Saved entries
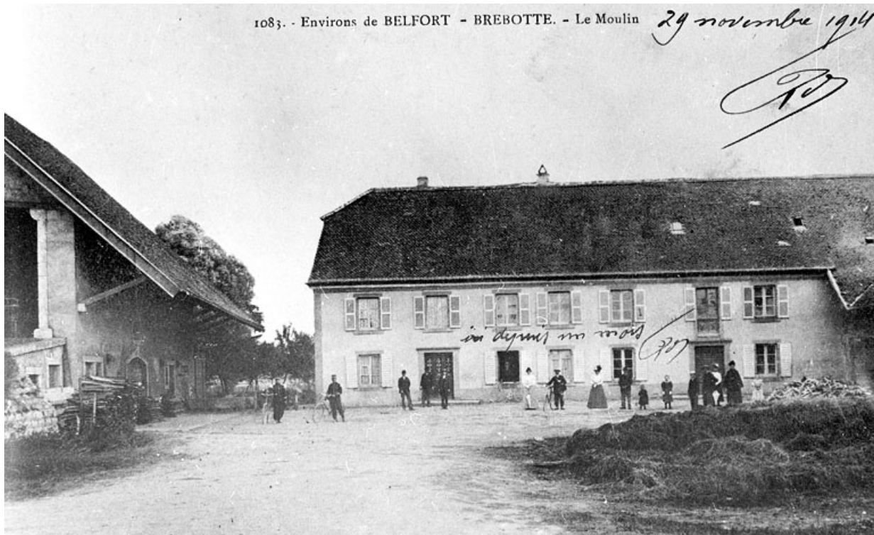
Environs de Belfort. Brebotte. Le moulin.
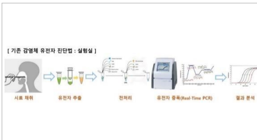
그림 1 기존 감염체 유전자 진단법:실험실
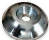
USINADO ARRUELA CÔNICA
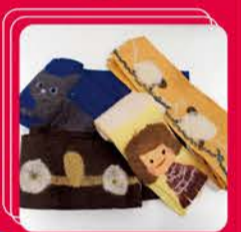
muffler / Asako Kuji ¥4,700~

ぬくぬくのモヘアは癒されますね。とにかく暖かくて軽い! キレイな色の組み合わせで、特に意識しなくてもこれ1枚で全体が女の子らしく見えます。
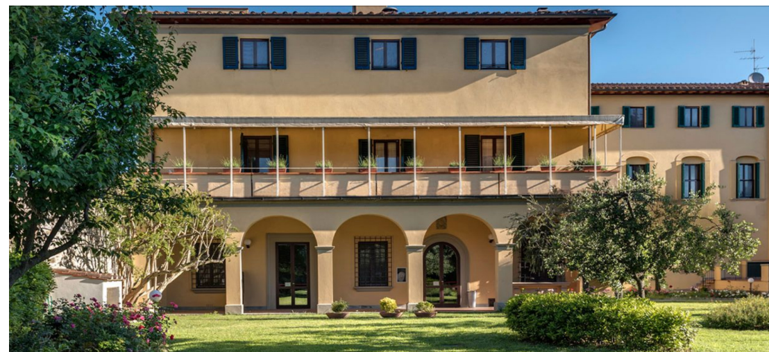
Residenza dei Soci Ascai Villa La Stella - Via Iacopone da Todi, 12, Fiesole - 055 5088018

Accoglienza e sistemazione nelle camere riservate ai Soci
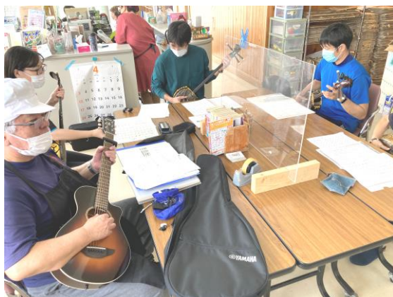
楽器は各自持ち寄り。ギターの人もいるようですが・・・(いつもは三線を持ってきています)

参加者は幅広く、まったくの初心者という人もいれば、「伝統芸能選考会」で新人賞入賞という腕前の人もあります。いつかクリスマス会や忘年会などでお披露目できるようになることを目標に、いまは安波節 あはぶし や安里屋 あさとや ユンタなどの定番曲を練習中。
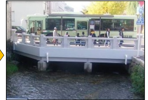
車道部を架け替え、柵をかさ上げしました。
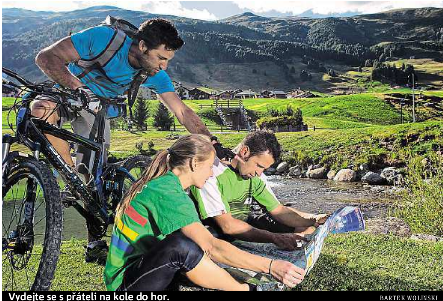
Vydejte se s přáteli na kole do hor.

Do karet Livignu hraje i to, že v létě je toto vysokohorské údolí zalito sluncem – má vel-
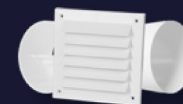
Монтажный комплект YVG для стены Ø 100 и 125 мм

Для Fresh Intellivent® ICE есть несколько аксессуаров, которые делают установку максимально простой. Вот некоторые из них.
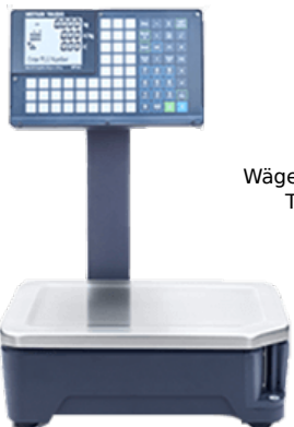
Wägebereich 6/15kg Teilung 2/5g
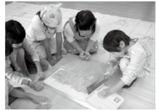
秋津 秋津地区活性化

◆岡山 11月23日22人の子どもが集まり、そば打ちを行いました。「コネ」がうまく出来ず「そば」と「小麦粉」の塊を作った班もありました。が、おおむね良好。お昼に合わせておいしくいただきました。 ◆力作勢揃い！ 11月19日、趣味の作品展が活性化センターで開催されました。今年は、58名137作品が寄せられ、市議選の投票に会場された方々目を惹き寄せました。
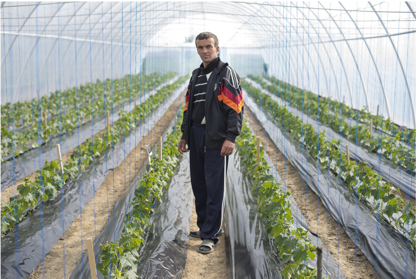
Nagydobronyi gazda a fóliasátorban, 2015
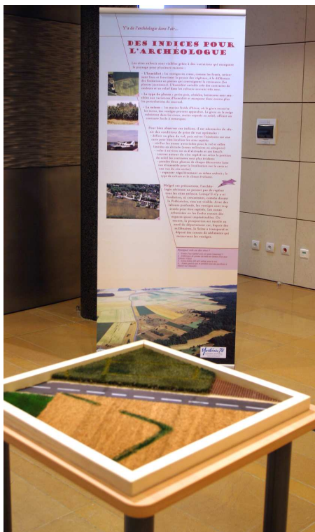
2- Ensemble « totem et maquette ».
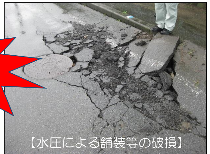
【水圧による舗装等の破損】

【被害発生】 平成26年8月の台風11号の時に、雨水が下水管へ流れ込み、マンホールから下水が溢れ出たり、水圧により舗装等が破損する事故がありました。（※写真は、奈良県内他町のケースの写真です）
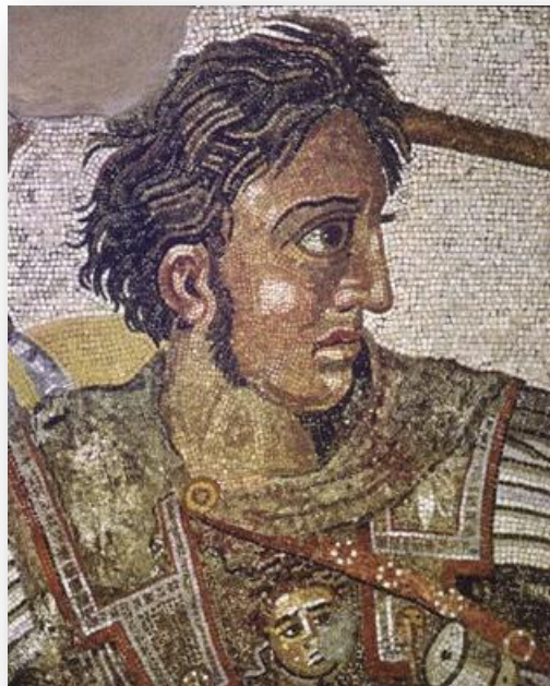
Slika 2.1. Aleksandar Veliki

O tome tko je prva slavna osoba u ljudskoj povijesti vodilo se dosta rasprava i stvorila su se različita mišljenja. Ipak se većina autora, među njima i Braudy, slažu kako je to bio vojskovođa i osvajač Aleksandar Veliki. Iako nije bio prva osoba koja je htjela pokoriti svijet putem vojnih osvajanja, svakako je bio prvi koji je htio svu čast i slavu pribaviti za sebe kao pojedinca. Htio je postati opće prisutan dio svakodnevnog života tadašnjih ljudi. Inspirirali su ga grčki junaci i ostali heroji čija je djela htio ponoviti te na taj način od sebe napraviti statusnu ikonu i simbol besmrtnosti. U tome je i uspio (2000: 14). Među prve slavne osobe mogu se još uvrstiti i rimski carevi koji su bili štovani poput bogova te su uživali u poštovanju i moći koju su posjedovali. Tome su pridonijeli i gladijatori koji su svojim borbama na život i smrt odavali počast caru i njegovom liku. I antička Grčka je imala svoje gladijatore, tj. sportaše koji su se natjecali na Olimpijskim igrama, a pobjednici bi svojom spretnošću i snagom bili dugo slavljani među narodom.
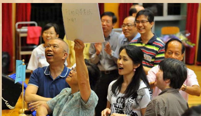
「千奇百趣@筲官」問答環節，校友們都積極參與搶問
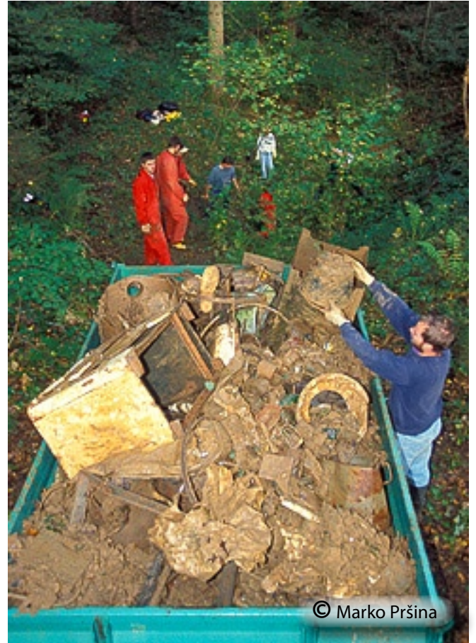
Še ena napolnjena traktorska prikolica odpadkov.

Your task
Give back, exactly and without pictures, the stretch of the records above from the line containing "Accoglienza e sistemazione" through the line containing "Vydejte se s přáteli na kole do hor.", with both end lines included.

Your solution
Accoglienza e sistemazione nelle camere riservate ai Soci
楽器は各自持ち寄り。ギターの人もいるようですが・・・(いつもは三線を持ってきています)

参加者は幅広く、まったくの初心者という人もいれば、「伝統芸能選考会」で新人賞入賞という腕前の人もあります。いつかクリスマス会や忘年会などでお披露目できるようになることを目標に、いまは安波節 あはぶし や安里屋 あさとや ユンタなどの定番曲を練習中。
車道部を架け替え、柵をかさ上げしました。
Vydejte se s přáteli na kole do hor.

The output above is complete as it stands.